Set MLModelConfiguration.computeUnits = .cpuAndNeuralEngine (the iOS SDK default on iOS 16+). Avoid .all in camera apps — the GPU is busy compositing the preview, and scheduling inference there causes frame-time jitter. Confirm placement with an Xcode Core ML Performance Report.

Q: Can I run and validate CoreML models with the Ultralytics CLI?

Yes, on macOS: yolo predict model=yolo26n.mlpackage source=image.jpg and yolo val model=yolo26n.mlpackage data=coco8.yaml work like any other format. CoreML execution requires Apple hardware, so these modes are unavailable on Linux and Windows.

Apple ships dedicated AI silicon — the Neural Engine — in every modern iPhone, iPad, and Mac, and CoreML is Ultralytics' supported path for deploying models to it today.

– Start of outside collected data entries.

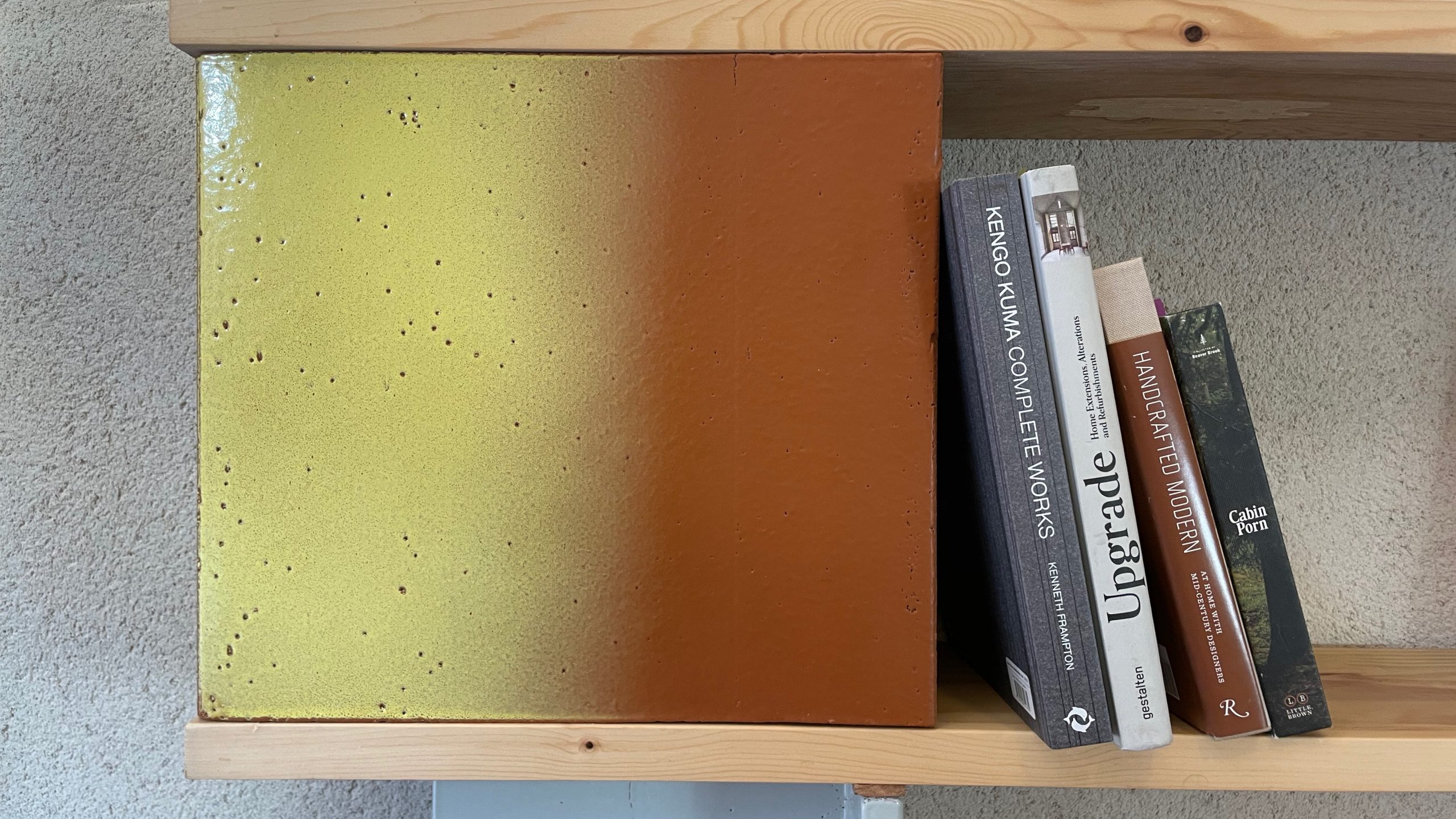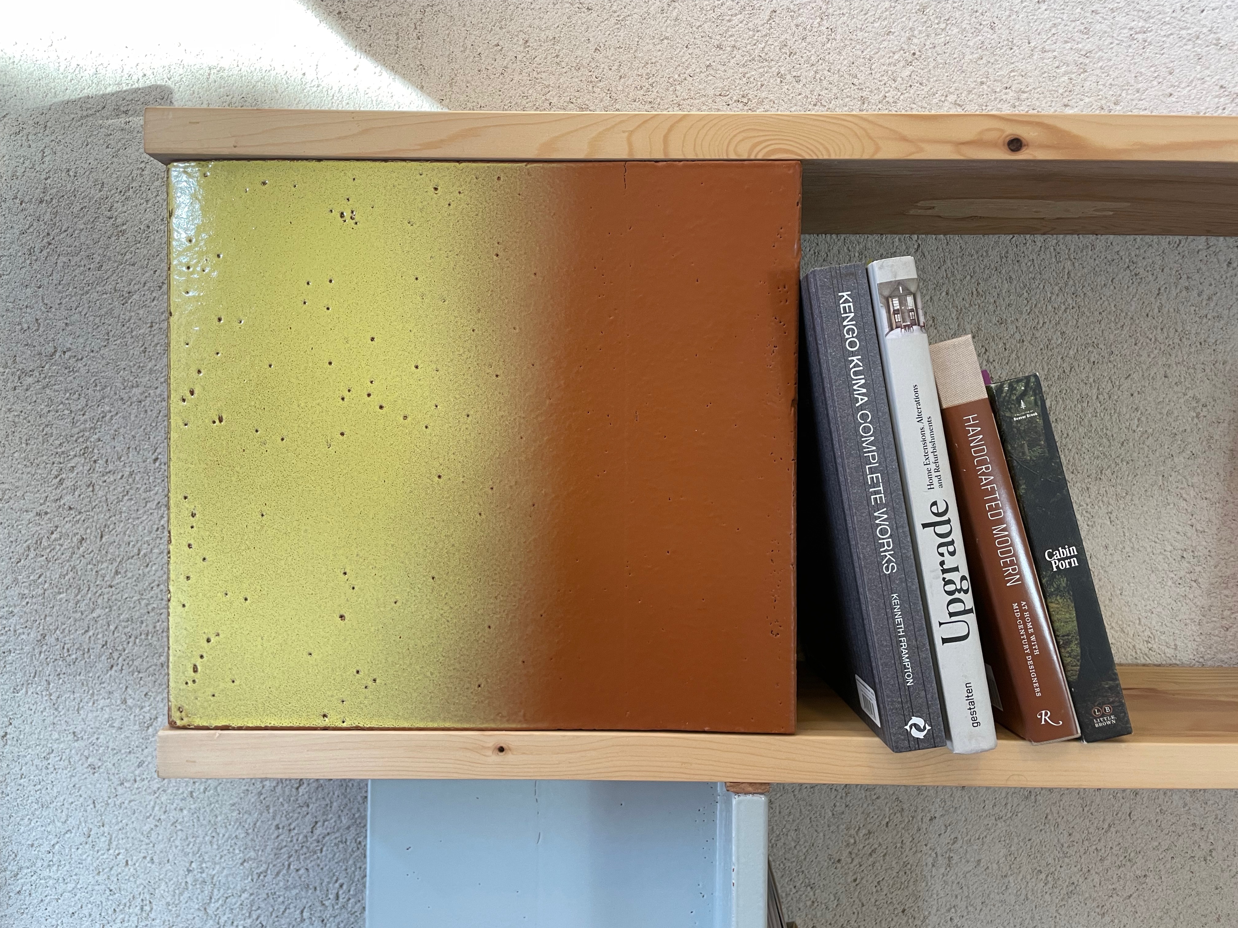 Categories:> Design Biblio TC5 Design de bibliothèque en terre-cuite Design / Réalisation Matériaux : Pin massif et contrecollé, terre cuite émaillée Dimensions : L250xP22xH176 cm 2025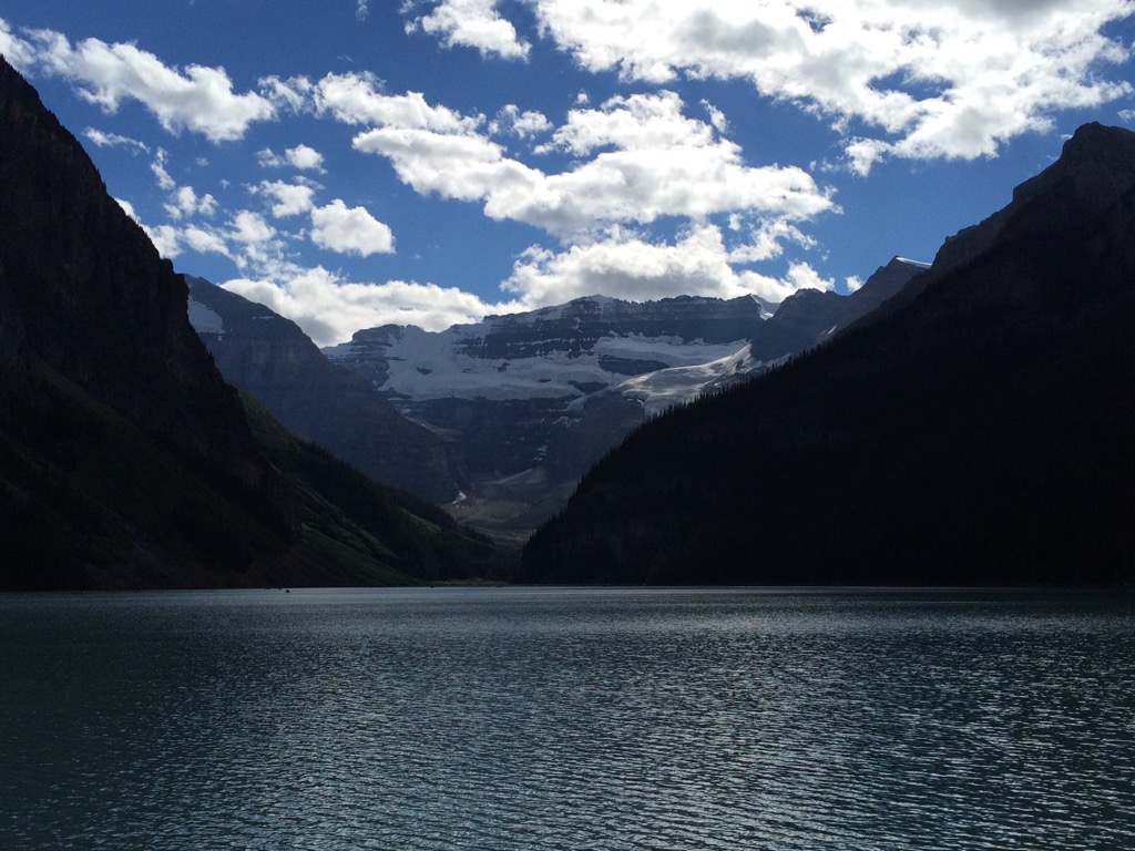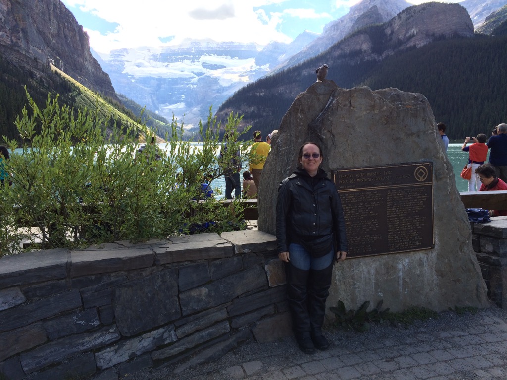 Karen in front of the Parks monument at Lake Louise in Alberta.
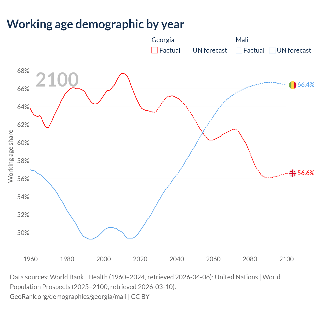 - Georgia has 2.35M working age adults (aged 15-64) vs 13.5M in Mali.

Exporting Ultralytics YOLO26 models to CoreML turns a trained .pt checkpoint into a native .mlpackage that runs all seven YOLO tasks on-device at low latency, with no network connection and no data leaving the device.

Run YOLO on the Apple Neural Engine today with the official mobile apps

The official Ultralytics YOLO iOS SDK and Flutter plugin run CoreML exports on the Apple Neural Engine out of the box — real-time camera inference, single-image prediction, and automatic model download for all seven YOLO26 tasks, including Depth. For Android NPU deployment, see the Qualcomm QNN integration.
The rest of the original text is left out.